The Bling Ring is a Series of Concentric Circles
The London Review of Books takes on the matryoshka doll of fame-hacking that created first the teen celebrity-burglary ring, then the E! reality TV show about the teens, then the Vanity Fair reporter who had to appear on the reality show in order to get access to the celebrity burglar teens, then the Bling Ring book, and now the movie:
The world-within-worlds aspect, the cannibalistic mechanism in all this that allows every fiction and every truth to be consumed by some other fiction and some other truth, leads us to the release this month of Sofia Coppola’s movie The Bling Ring. Closely attending students will note that Coppola, like Paris Hilton, grew up in the rich world of celebrity that she now takes off with moral gusto. Coppola is also a former fashion worker who has made ads for Christian Dior and has modelled for Marc Jacobs. The scenes in The Bling Ring that were to do with the robbing of Hilton’s house were shot in … wait for it … Paris Hilton’s house. The investigating officer in the case, Brett Goodkin, not only served as a consultant on the film but appears in it as well. He has now been reprimanded by the LAPD for accepting more than $12,000 from the film company while still running the investigation that set out to determine the truth of the real-life events.
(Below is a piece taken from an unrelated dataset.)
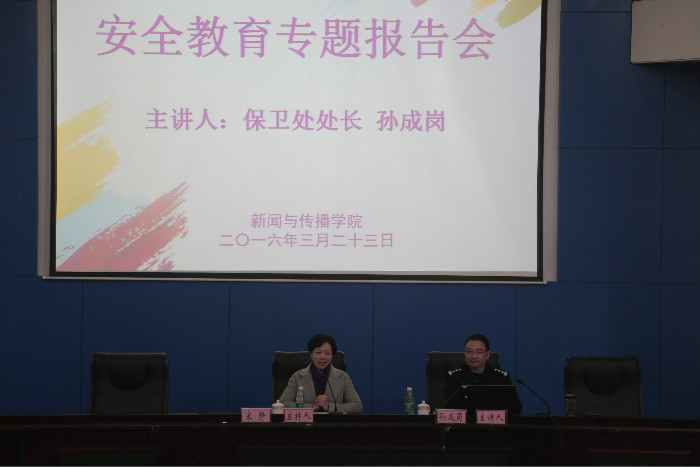 会上, 孙成岗从自己多年的工作经验出发,结合近期发生的校园重大安全事故的鲜活案例,从校园暴力、交通安全、财产安全、食品安全、消防安全、溺水事故、宿舍和实验室安全八个方面对学生进行安全教育。孙成岗主要采用举例子的形式,从校园暴力开始讲起,就校内校外的多起打架斗殴事件以及新形式的恐怖事件告诫大家冲动的危害。交通安全上,孙成岗提醒大家要注意校内校外交通安全,乘坐合法车辆,遵守交通规则。财产安全、食品安全他通过大量真实案例告诫同学们要时刻注意人身安全,保护贵重物品。在谈及财产安全时,孙成岗说“学生宿舍、食堂、图书馆、教室、运动场,都是偷盗事故的多发区,其中电脑和手机被偷的居多,因而生活中我们应该注意防盗、防骗,贵重物品不用时锁在安全地方,用时尽量带在身边。”而网络诈骗也是需要重点注意的地方,老师同学都有被骗的案例,孙成岗表示不要轻易相信网络的金钱交易,尤其要注意网络兼职、网络购物中要注意人身、财物安全。饮食方面,外出用餐要到有资质、卫生的餐馆,不要去没有营业牌照的大排档、路边摊用餐,多在校内就餐,以防食物中毒,造成生命危害。宿舍安全对于每一个在校学生来说都尤为重要,孙成岗提醒各位同学,在寝室中不要乱拉电线、不用电时要随时断电,严禁使用违禁电器,注意消防安全。安全面前不能存有侥幸心态,安全无小事,安全是对自己的生命安全负责,也是对他人生命安全的保护。最后,孙成岗向同学们展示了近年来校园案件数据统计情况,并提出了相应的应对措施:校园防盗十点安全提示,网上交友慎重三思。真实的案例和具体建议有利于进一步强化同学们的安全意识和纪律规范,增强平安校园创建、人人有责、重在预防的自觉性。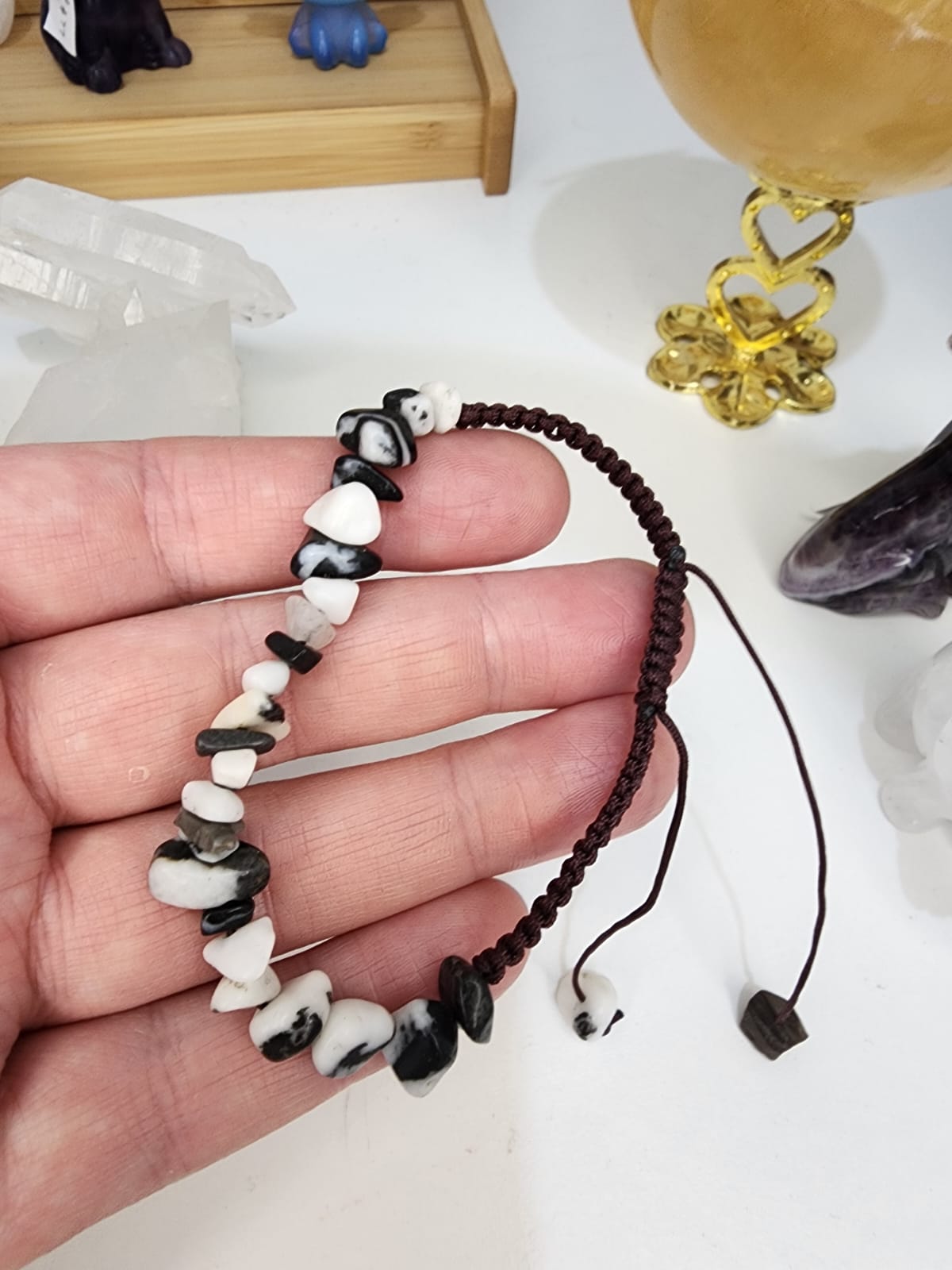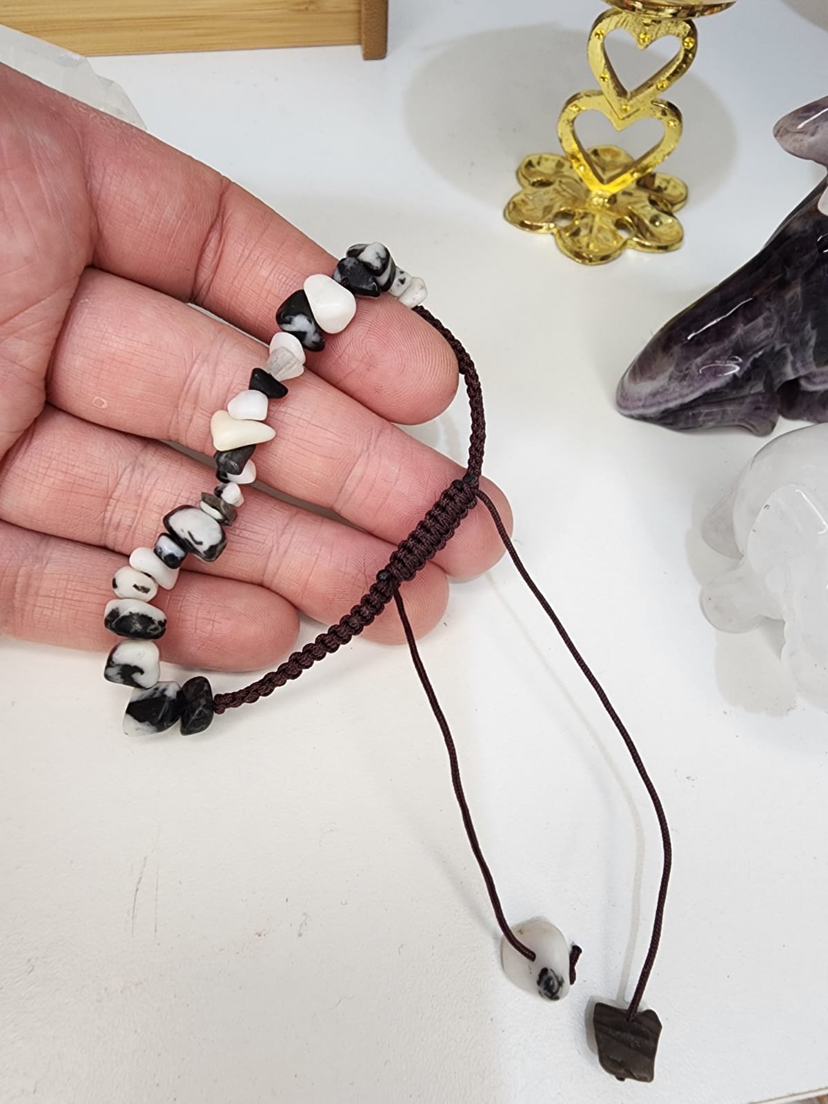 The bracelet has a drawstring that can be adjusted to fit different sizes.

Andrew O’Hagan’s piece is smart on the particular, deliberate vapidity of aspiring towards celebrity that is based only on itself:
Perhaps it’s a new kind of narcissism, where you only get to feel fully realised, successful and self-loving when you look at your reflection in the pool and see your idol.
If you’d like a quick refresher on your Bling Ring-era idols, let me point you to this Vulture slideshow, which will make you confront with slight dizziness the way five years makes every difference and also no difference at all.